Now he is left demanding more testing, not because statistically that will make a difference, but because he feels that “… if we test product on the ground and it comes out OK, at least we’re doing our part. I don’t want to get people sick.”

We should give herb growers a better set of tools so that we can make that more likely. Let us commit to a date certain to finish the Commodity Specific Guidelines for herbs.

Many thanks to Alberto Martinez and Top Line Specialty Produce for taking time in the midst of a pretty tough day to help keep the broader industry informed.

Just as we were putting this to bed we received word of a second, related recall:

We would like to inform you of a Voluntary Recall of 1# Fresh Basil packed under the Bon Apetit brand because they have a potential to be contaminated with Salmonella.

No illnesses have been reported to date in connection with this problem.

The lot# for the 1# Basil involved in the voluntary recall is 52/340.

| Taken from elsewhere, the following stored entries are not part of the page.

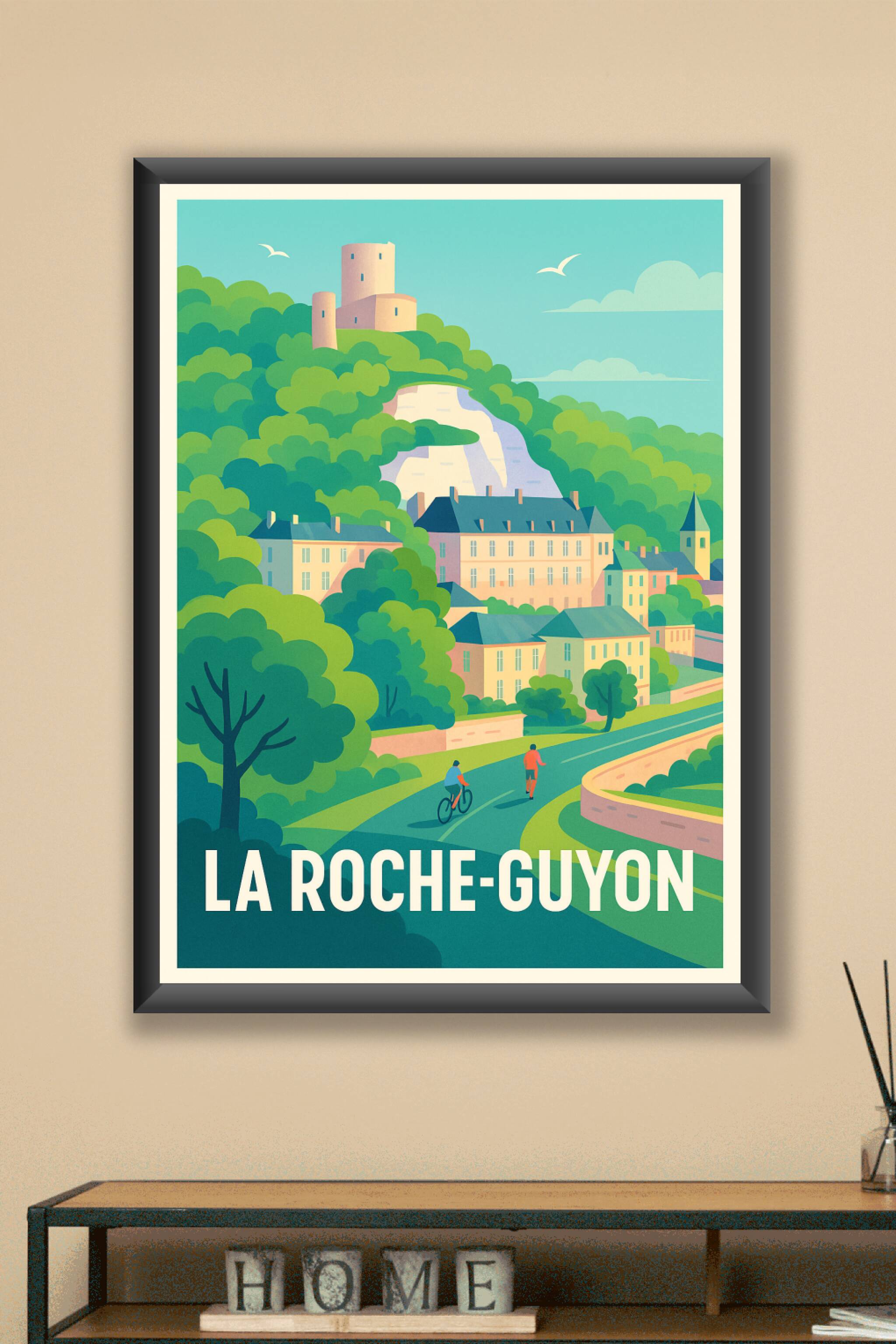 Découvrez la douceur de vivre de La Roche-Guyon avec ce poster illustré qui met en lumière le charme bucolique de cette commune pittoresque, entre verdure luxuriante et patrimoine historique. L'affiche capte le calme apaisant d'une balade à vélo ou à pied sous le regard bienveillant des anciennes fortifications. Notre tirage "Fine Art", réalisé sur un papier coton de 305g, garantit une qualité d'impression exceptionnelle, aux couleurs profondes et durables. Disponible en formats A1 à A4, cette affiche se propose avec ou sans cadre pour s'adapter parfaitement à votre intérieur. Apportez une touche d'élégance et de sérénité à votre décoration avec ce poster unique, 100% fabriqué en France.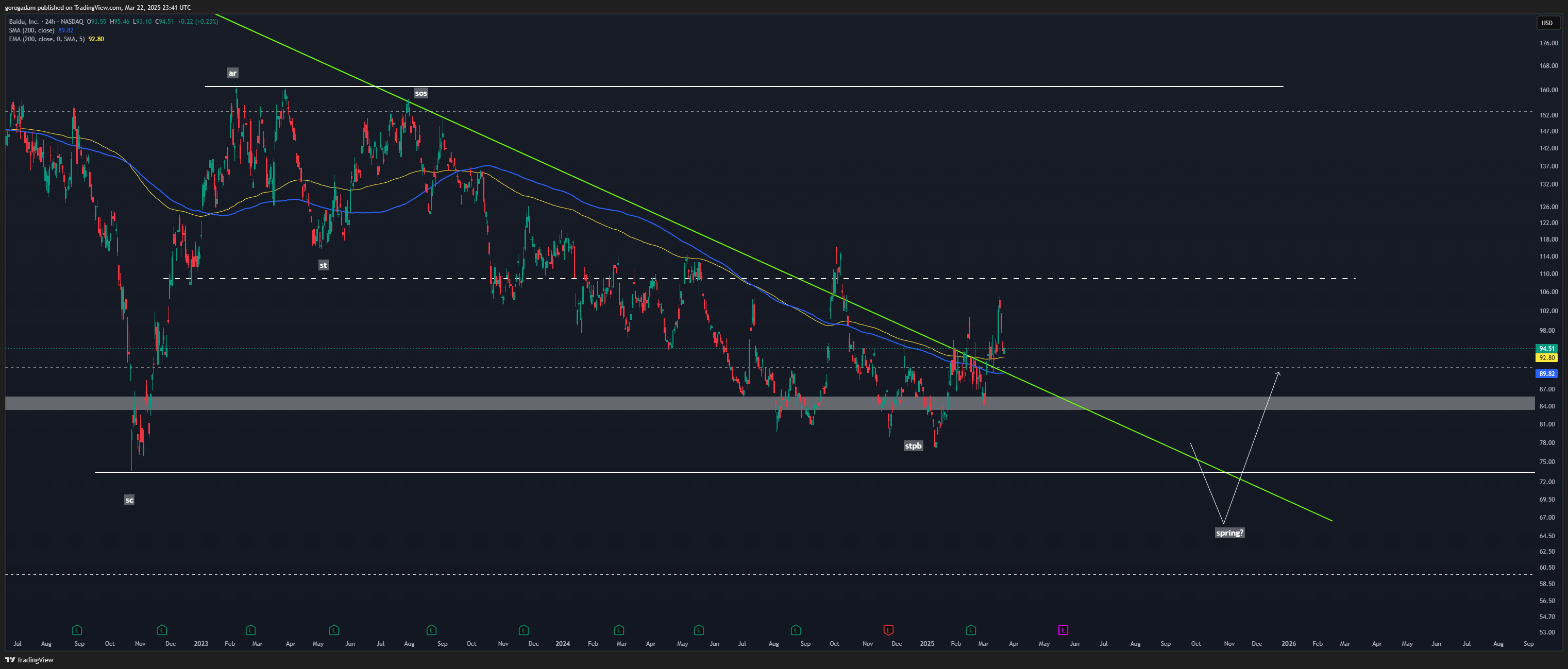 Ez a 84$-os támasz egy deep value szint, ha valaki be akar vásárolni belőle nagy szereplőként, akkor jó eséllyel itt teszi. Eközben felismerhető egy kb 2 éves akkumuláció a fehér zónával jelölve.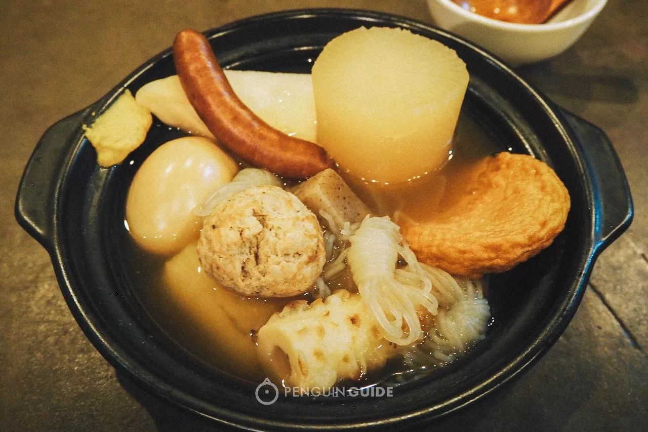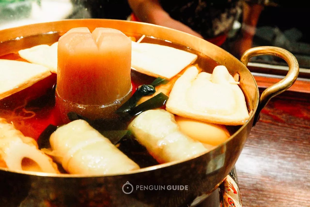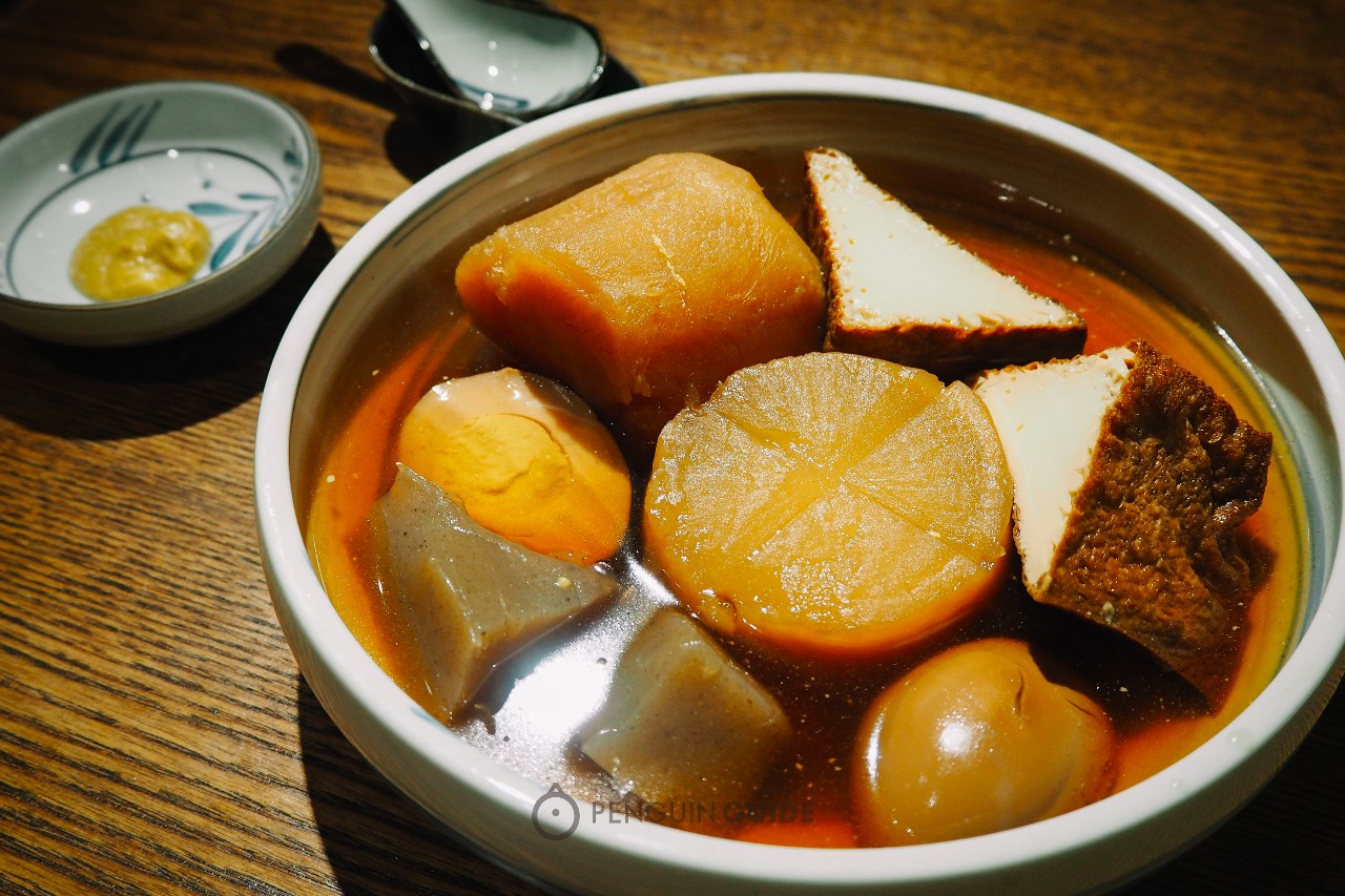 特别推荐自制炸牛蒡,牛蒡预煮晾干后,裹上自制的鱼浆和鱿鱼浆,先炸再煮。一口咬下去,柔韧鱼浆和脆落牛蒡交替登场,很是有趣。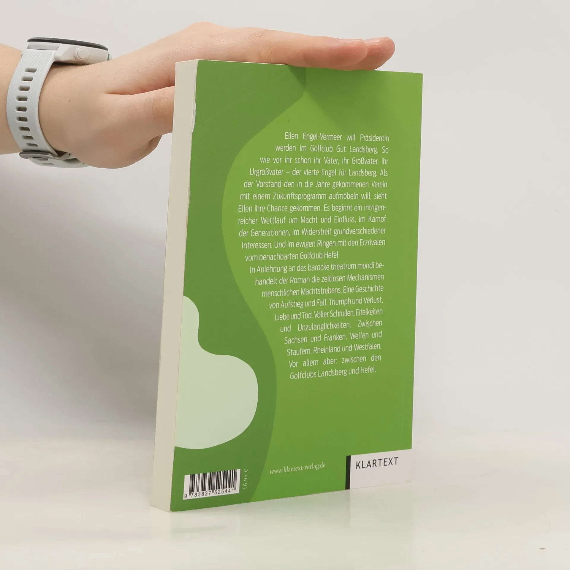 Ellen Engel-Vermeer will Präsidentin werden im Golf Club Gut Landsberg. So wie vor ihr schon ihr Vater, ihr Großvater, ihr Urgroßvater – der vierte Engel für Landsberg. Als der Vorstand den in die Jahre gekommenen Verein mit einem Zukunftsprogramm aufmöbeln will, sieht Ellen ihre Chance gekommen. Es beginnt ein intrigenreicher Wettlauf um Macht und Einfluss, im Kampf der Generationen, im Widerstreit grundverschiedener Interessen. Und im ewigen Ringen mit den Erzrivalen vom benachbarten Golfclub Hefel. In Anlehnung an das barocke theatrum mundi behandelt der Roman die zeitlosen Mechanismen menschlichen Machtstrebens. Eine Geschichte von Aufstieg und Fall, Triumph und Verlust, Liebe und Tod. Voller Schrullen, Eitelkeiten und Unzulänglichkeit. Zwischen Sachsen und Franken. Welfen und Staufern. Rheinland und Westfalen. Vor allem aber: zwischen den Golfclubs Landsberg und Hefel.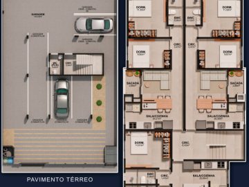 Unidades com 2 dormitórios e suíte, além de vaga de garagem coberta ou parcialmente descoberta.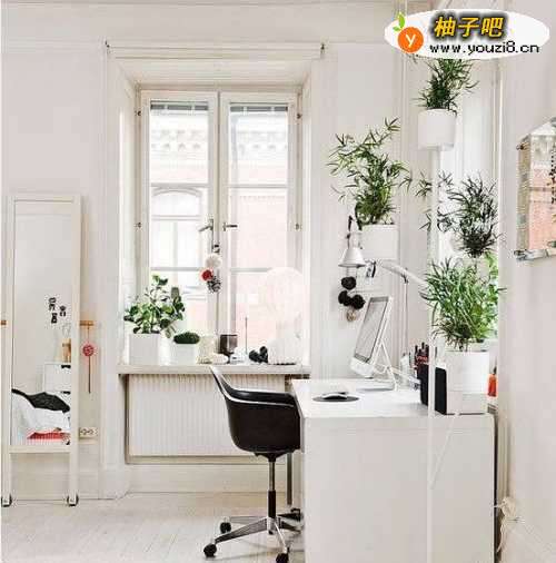 清爽风格:白色墙面、白色书桌,衬托整个房间的光线都非常光亮清爽,再立体布置几盆绿植,很有环保情调。

Following is the specific information:

Product shipped overnight on December 6, 2007

100 — 1# Basil PO#40836

Please call me for any additional information.

Ralph Slomovits
VP Sales & Marketing
HerbThyme Farms, Inc.
310-884-9122 Fax: 637-7218

Apparently HerbThyme Farms had bought some product from Top Line Specialty Produce so this is the exact same product being recalled for the exact same reason. No indication of a larger problem. Many thanks to Ralp Slomovits and HerbThyme Farms for burning the midnight oil to keep the trade informed.